O Ela era a grande novidade na imprensa carioca da época e ainda hoje é incrível reler os suplementos e se deparar um algo tão a frente de seu tempo. E tendo à frente Nina que, no final dos anos 60, rivalizava com o próprio e já consagrado Ibrahim Sued que, em 1968, voltava a O Globo. Nos anos 70, ela editava o caderno, mesmo morando em Paris, mandando suas matérias e crônicas (para o Ela ou para o caderno de Cultura, sempre com pautas exclusivas, como, em 1972, uma das primeiras reportagens publicadas no Brasil sobre o fenômeno do Pink Floyd com o Dark Side of the Moon) “via Varig”, como em sua famosa assinatura.

Falei da Nina porque lembrei que o último dia 21 foi “niver” da Rainha Elizabeth eu lembrei de uma história que a Hildegard Angel contou há algum tempo na ocasião do dia dos anos da Rainha, em 2018. Na época, comemorava-se os 50 anos da sua visita ao Brasil. Muita gente não sabe ou lembra, mas ela esteve em turnê em terras brasileiras em novembro de 1968. Foi a sua única visita aqui.

No Recife, com o Príncipe Philip a tiracolo, ela foi recebida pelo então presidente, Costa e Silva. Deslocando-se de iate pelo litoral do nordeste, depois estiveram na Bahia, onde foram recepcionados por Viana Filho. Dia 5, o casal chegou à Brasília, participando de uma sessão solene no Supremo, e com direito a uma sucessão de gafes e beija-mãos com luva (conde Chiquinho Matarazzo beijou e cavalheiros apenas devem acenas com a cabeça no cumprimento –  e ele ainda usou a faixa da Grã-Cruz da Ordem da Coroa da Itália por dentro do colete na presença de um chefe de estado) e tudo. Bola preta.

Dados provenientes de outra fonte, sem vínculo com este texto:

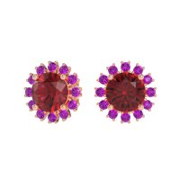 These Lab Ruby earrings and made in 14K Rose Gold with top quality Lab Ruby and Amethyst gemstones. These Stud Earrings Feature A Classic Halo Design With An Antique-inspired Aesthetic. A Brilliant Center Stone Is Encircled By A Sparkling Halo Of Smaller Gems, Offering Enhanced Brilliance And A Timeless, Vintage Charm. Perfect For Adding Refined Elegance To Any Look, These Studs Provide Significant Sparkle With A Sophisticated Touch. Free shipping, returns, and a lifetime warranty make luxury worry-free
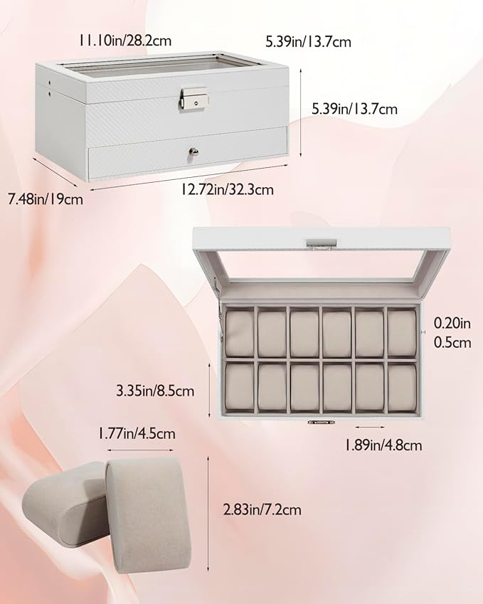 - [DOUBLE LAYER]: In the top layer of the jewelry case, there are 12 watch slots with removable velvet pillows. And in the bottom layer, there are adequate suitable area for your cufflinks, necklaces, bracelets, earring, brooches,sun glasses and any other jewelry and belongings
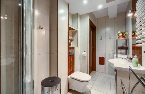 Featuring a garden, Apartament nad Kryniczanką features accommodations in Krynica Zdrój. With river views, this accommodation offers a balcony. Free Wifi, an elevator, and full-day security are featured. Offering a terrace and mountain views, the apartment includes 1 bedroom, a living room, satellite flat-screen TV, an equipped kitchen, and 1 bathroom with a hot tub and a shower. Towels and bed linen are available in the apartment. This apartment is allergy-free and non-smoking. Skiing and fishing can be enjoyed nearby, while a ski equipment rental service, ski-to-door access and ski storage space, are also available on-site. Nikifor Museum is a 13-minute walk from the apartment, while Krynica Zdroj Train Station is 1.4 miles away.
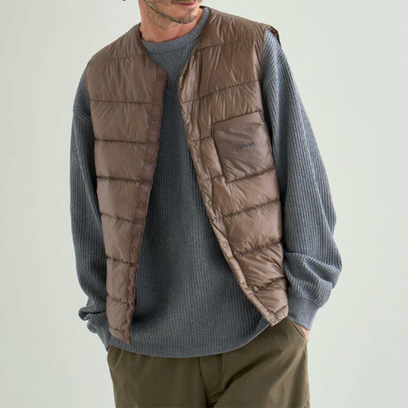 アウトドアシーンだけでなく、オフィスやタウンユースでのレイヤリングにも重宝するダウンベスト。

Depois, seguiram para São Paulo (com parada em Campinas para equitação), com direito a recepção no Museu Paulista e a inauguração do MASP, no dia seguinte. Não houve Buffet, mas os garçons serviam salgadinhos e uísque “escocês importado”.

Mas o ápice da viagem dos Windsor na brazuca foi a passagem pelo Rio, onde desfilaram de corso pela cidade, com pessoas nas calçadas abanando e aplaudindo. Na Belacap, eles lançaram a pedra fundamental da futura ponte Rio-Niterói (que estava muitíssimo longe de começar a ser construída) e, na tribuna de honra do recém nomeado Estádio Mário Filho, junto com a grã-fina das narinas de cadáver (“quem é a bola?”,dizia a personagem de Nelson Rodrigues em sua coluna do Globo Esportivo) assistiram a um disputado match entre as seleções carioca e paulista num Maracanã lotado, com gente até dependurado no lustre. Bola branca.

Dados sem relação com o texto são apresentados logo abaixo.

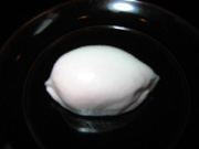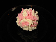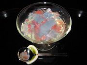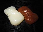 ・新粉餅(しんこもち) 上新粉を材料とするところから「しんこ」と呼ばれるようですが、「ひねりもち」ともいっています。もとは、江戸時代の旧暦六月十六日に幕府が行なう吉祥祝い(災いを除け福を招く伝統の行事)のときに用いられた「寄り水」というL字型にねじった黄色と白色の「しんこもち」であるといわれています。そのねじった形が糸のかせに似ているところから、京都では「白糸もち」と呼ばれていた時代もあるようですが、今では「寄り水」という名も「白糸もち」という名も残っていません。現在「しんこ=ひねりもち」は、白色のものと、ニッキを使った茶色、お店によっては抹茶の緑色のものがあります。 |
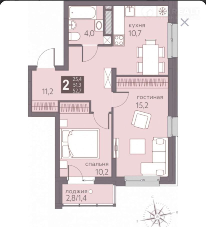 Общая площадь 52.7 м2

O almoço foi no MAM, com recepção do governador Negrão de Lima e a primeira-dama, Dona Emma. O convescote reuniu cerca de duzentas pessoas – entre elas Austreslégilo de Atahíde, o Ministro das Relações Exteriores, Magalhães Pinto e o cantor Sílvio Caldas. O prato principal foi faisão, preparado pelo maitre René. Para beber, só (e muita) champanhota.

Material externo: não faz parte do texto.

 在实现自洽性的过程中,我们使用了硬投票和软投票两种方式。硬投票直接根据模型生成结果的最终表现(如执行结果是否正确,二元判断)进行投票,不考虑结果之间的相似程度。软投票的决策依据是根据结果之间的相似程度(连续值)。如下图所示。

Ao fim do repasto, deu-se a troca de presentes: Elizabeth ganhou uma pulseira do governador da Guanabara, admirou-a sem, no entanto, conseguir abrir o fecho. O Príncipe Philip ganhou por sua vez uma taça de vermeil com pedras brasileiras incrustradas. Dona Emma ganhou da Rainha uma poudrière de ouro e o governador Negrão de Lima, por último, um belo retrato do casal real, encaixilhado numa moldura de prata. Não perdendo a chance de ser ligeiramente bairrista e, quem sabe, em parte, coberto de razão, Swann diz que o faisão assado do MAM e o passeio no Rio salvou a visita de Elizabeth II no Brasil. 

A agenda de sábado passava por uma recepção ao staff da embaixada britânica a bordo do iate Britannica e, mais à noite, um encontro na própria embaixada, em São Clemente. O evento juntou mais de quinhentas pessoas incluindo os embaixadores da Comunidade Britânica das Nações, o embaixador dos Estados Unidos e, completando a paisagem, o crème do café soçaite da Belacap.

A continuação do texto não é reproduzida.